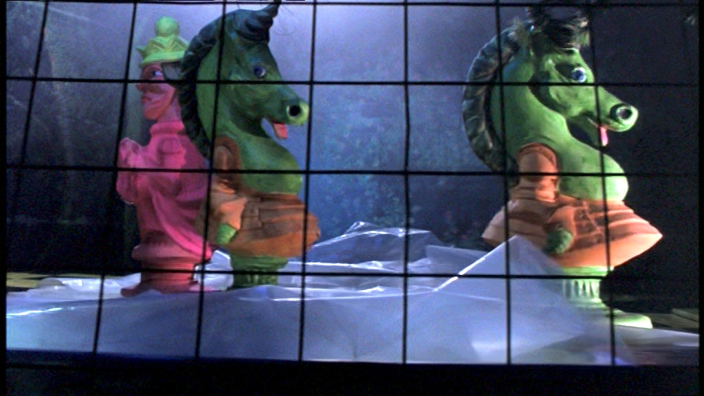 The action then moves to Alice in Wonderland where some coaster cars (presumably from the Grand National) are being stored in front of the ride.
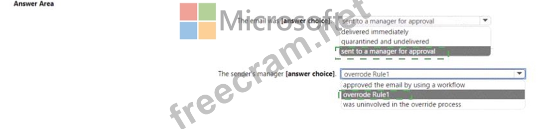 When user sent email that hit the rule, user also override policy based on the justification she wrote "Manager approved" by her self. It is not a part of the rule. Since, she override the policy by justification, mail was delivered immediately.
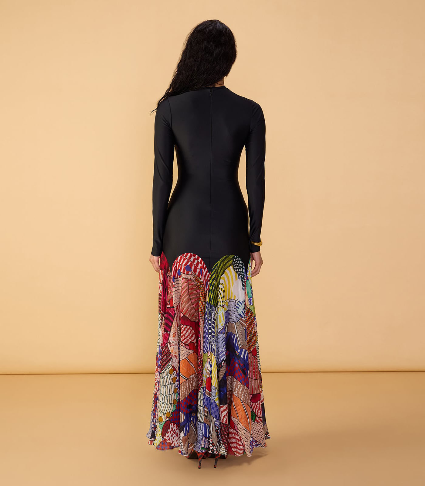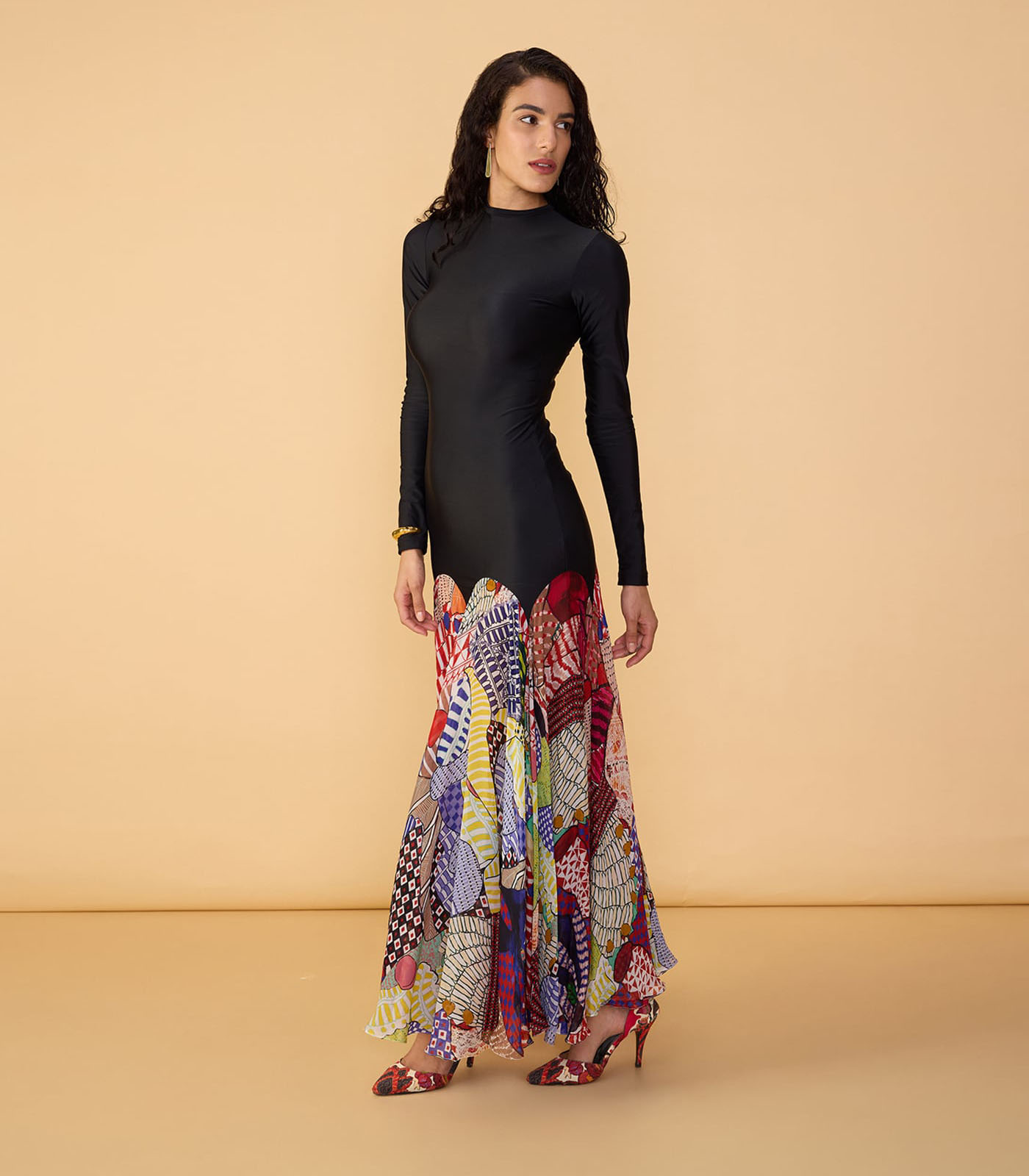 Abstract floral print closed neck maxi dress with long sleeves and fitted bodice
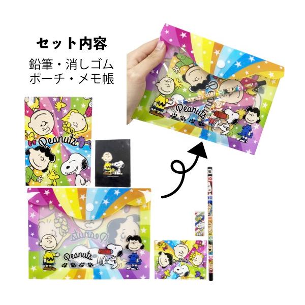 スヌーピー BIGポーチ文具セット 景品 粗品 文房具 鉛筆 鉛筆 消しゴム snoopy 4点セット
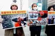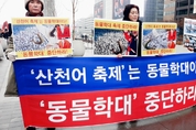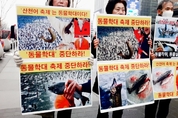 [비건뉴스=최유리 기자] 동물보호단체들이 16일 오후 서울 광화문 이순신동상 앞에서 산천어 축제 중단을 촉구하는 기자회견을 열었다. 한국동물보호연합, 동물에게자비를, 한국비건채식협회, 기후위기비건행동, 한국비건연대, 한국채식연합은 이날 기자회견에서 산천어 축제를 ‘동물학대·동물살생·동물착취 축제’로 규정하며, 동물을 오락과 유흥의 대상으로 소비하는 행위를 즉각 중단해야 한다고 주장했다. 참가자들은 피켓팅과 퍼포먼스를 통해 “동물은 오락용이 아니다”, “축제라는 이름의 동물학대를 멈춰야 한다”는 메시지를 전달하며, 수생동물 역시 고통을 느끼는 생명체라는 점을 강조했다.
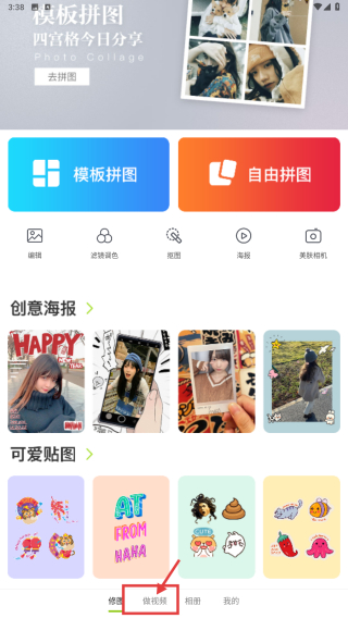 1、打開視頻制作類應(yīng)用,點(diǎn)擊底部做視頻選項(xiàng),進(jìn)入視頻制作功能頁(yè)面。
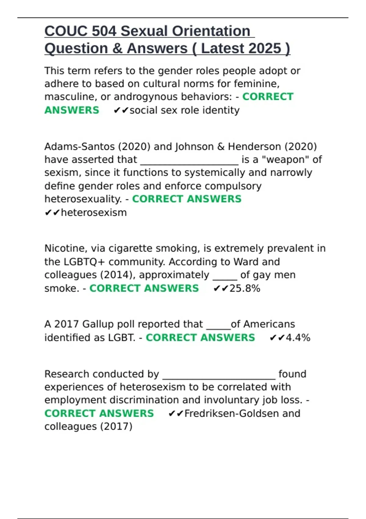 COUC 504 Sexual Orientation Question & Answers ( Latest 2025 ).docx
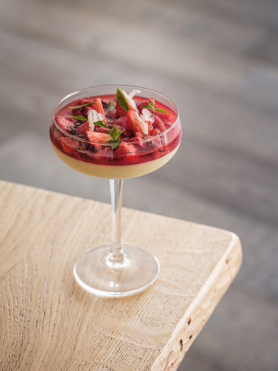 Panna cotta met aardbei, citroenverbena en Hot Lips
________________
• **Aim of the exercise**
Pictures are not part of the copy; reproduce everything else in the records exactly.

• **Completed exercise**
 The action then moves to Alice in Wonderland where some coaster cars (presumably from the Grand National) are being stored in front of the ride.
 When user sent email that hit the rule, user also override policy based on the justification she wrote "Manager approved" by her self. It is not a part of the rule. Since, she override the policy by justification, mail was delivered immediately.
 Abstract floral print closed neck maxi dress with long sleeves and fitted bodice
 スヌーピー BIGポーチ文具セット 景品 粗品 文房具 鉛筆 鉛筆 消しゴム snoopy 4点セット
 [비건뉴스=최유리 기자] 동물보호단체들이 16일 오후 서울 광화문 이순신동상 앞에서 산천어 축제 중단을 촉구하는 기자회견을 열었다. 한국동물보호연합, 동물에게자비를, 한국비건채식협회, 기후위기비건행동, 한국비건연대, 한국채식연합은 이날 기자회견에서 산천어 축제를 ‘동물학대·동물살생·동물착취 축제’로 규정하며, 동물을 오락과 유흥의 대상으로 소비하는 행위를 즉각 중단해야 한다고 주장했다. 참가자들은 피켓팅과 퍼포먼스를 통해 “동물은 오락용이 아니다”, “축제라는 이름의 동물학대를 멈춰야 한다”는 메시지를 전달하며, 수생동물 역시 고통을 느끼는 생명체라는 점을 강조했다.
 1、打開視頻制作類應(yīng)用,點(diǎn)擊底部做視頻選項(xiàng),進(jìn)入視頻制作功能頁(yè)面。
 COUC 504 Sexual Orientation Question & Answers ( Latest 2025 ).docx
 Panna cotta met aardbei, citroenverbena en Hot Lips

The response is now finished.